In gewisser Hinsicht ergänzend tritt J. Behms
Vortrag dieser akademischen Rede zur Seite. Er handelt
von den Methoden zur Erfassung urchristlicher Geschichte
und führt überall zu jener Grenze hin, wo
Fragen der „biblischen Hermeneutik" in dem weiten Gebiete
geschichtswissenschaftlicher Methodenlehre und ge-
schichtsphilosophischer Anschauung verwurzelt sind. B.

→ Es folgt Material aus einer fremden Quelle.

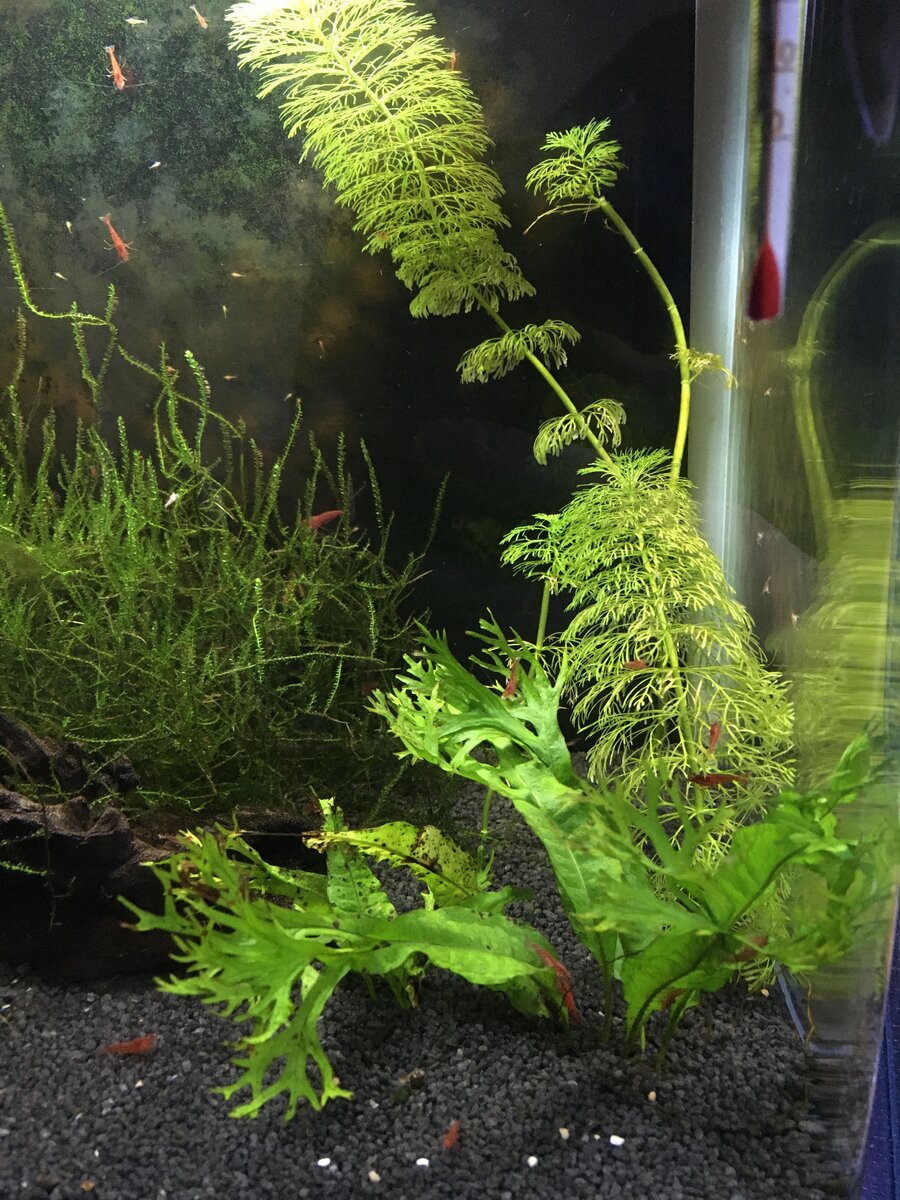 De garnalen die omvallen zijn de oranje (neo caridina's) die op dezelfde ph zaten als hier. Vond er vanochtend helaas weer 1 en net een volwassen met eivlek zo goed als dood. Die had wel zijn zwemvliezen naar beneden staan alsof hij wilt vervellen maar het niet lukt ofzo. de GH is erg laag dus misschien een mineralen probleem?? 🧐

stellt die heilsgeschichtliche und die religionsgeschichtliche
Betrachtung als zwei in ihren Ergebnissen wie in
ihrem Grunde verschiedene Weisen des Erkennens und
Forschens einander gegenüber. Die eine wählt einen
übergeschichtlichen Standort und kennt und deutet nur
eine Geschichte; die andere fußt, recht verstanden, in
der Geschichte und weiß nur von einer unübersehbaren
Mannigfaltigkeit, einer letzten Gleichartigkeit und einer
unendlichen wechselseitigen Verschlingung aller Geschichte
. Beide Weisen haben recht und unrecht zugleich
; deshalb ist eine Synthese zwischen ihnen „die
große Aufgabe, vor der die neutestamentliche Wissenschaft
der Gegenwart steht". — Der Vortrag beschränkt
sich bewußt auf das neutestamentliche Gebiet; in diesem
Rahmen wird man seiner bejahenden wie verneinenden
Kritik weithin zustimmen können. Aber die Fragestellung
reicht über die Grenzen dieses Gebietes hinaus und
führt auf die Problematik des geschichtlichen Erkennens
an sich. Und aus diesen weiteren Gründen erheben sich
mancherlei Einwände vor allem gegen die Begründung
der geforderten Synthese. Denn sie sucht beide Methoden
nebeneinander zu ordnen, die Ergebnisse beider aneinander
zu korrigieren. Aber ist solches Nebeneinander
eine Synthese? Beide Methoden bleiben doch isoliert und
wie in sich verfestigt bestehen, nur erhält die religionsgeschichtliche
zu ihrer Betätigung den „Außenbezirk" —
wogegen diese, wenn auch vielleicht nicht in der Art
ihrer heutigen Anwendung, so doch in ihrer inneren
Grundrichtung sich zu sträuben ein legitimes Recht hat.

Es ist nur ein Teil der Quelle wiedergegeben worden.